Passados muitos anos, a amizade das duas tribos ainda continua manifestando-se sob forma de huvilo e a sua genese corre de boca em boca entre as novas gerações de Makondes e Ajauas.
- Allman Ndioko, Moçambique, 17/05/2005

VOCABULÁRIO:
Huvilo - Uma espécie de amizade carregado de aspectos cómicos e menos sérios;
Makondes Grupo étnico de Moçambique localizado no planalto de Mueda, província de Cabo Delgado. Note-se que existe na República da Tanzania outro grupo de Makondes conhecido por Makondes da Tanzania e que é originário do actual planalto de Mueda.
Ajauas - Grupo étnico de Moçambique localizado no planalto do Niassa, no norte do país.

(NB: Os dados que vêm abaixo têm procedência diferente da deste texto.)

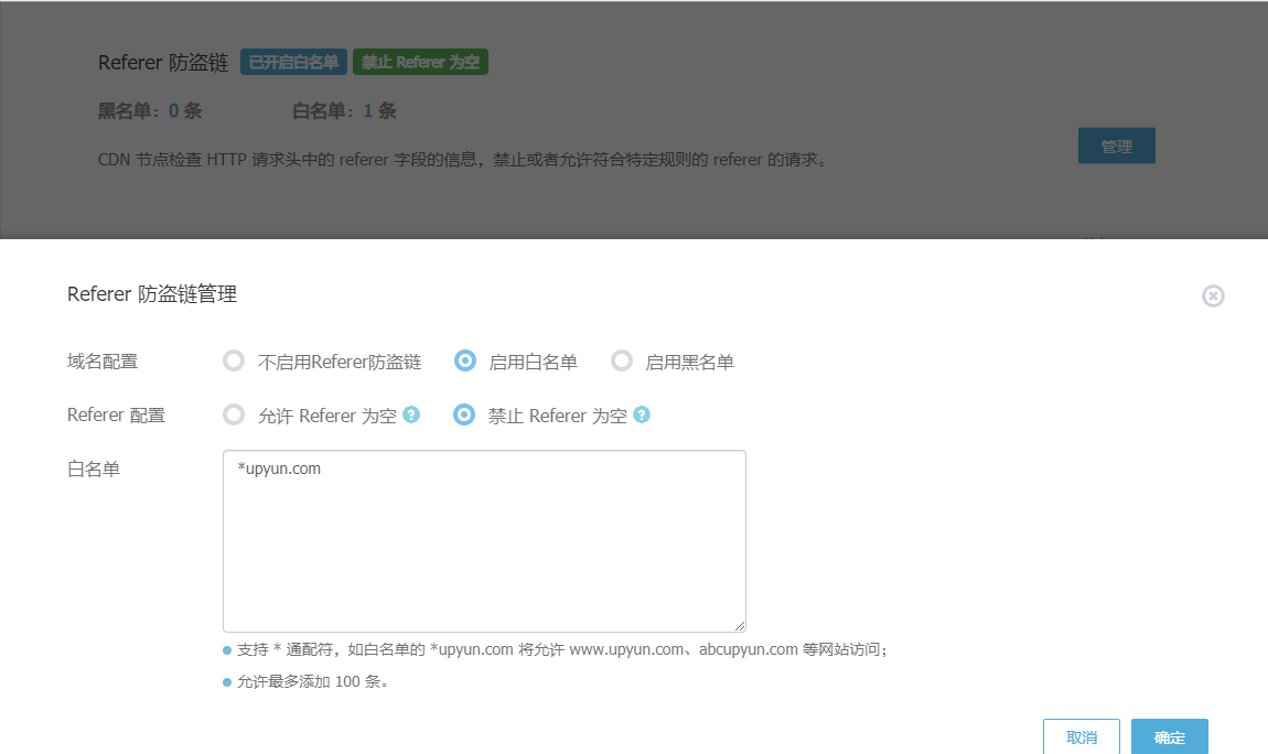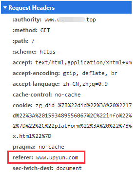 当我们接入又拍云CDN,并配置 Referer 防盗链后,怎么通过Chrome浏览器去验证是否配置成功呢?如图,我配置了Referer白名单并禁止Referer为空。

MbavalaRei do povo Makonde.
Mataca Rei do povo Ajaua.
Kôta Pessoa mais velha que pode ser pai, mãe, avô, tio, etc.
Bangui Soruma ou melhor cannabis sativa;
Mula Árvore frondosa e muito alta frequente no planalto de Mueda. Entre os Makondes de Moçambique a Mula servia, desde os tempos remotos até altura da independência nacional, para sinalizar campas nas grandes florestas do planalto;
Lipalapanda – Chifre de antílope, normalmente, usado para anunciar uma festa ou animar uma sessão cultural;
N’tela Erva medicinal que serve para curar alguma infermidade ou proteger qualquer mal. Normalmente tem tido efeitos mágicos.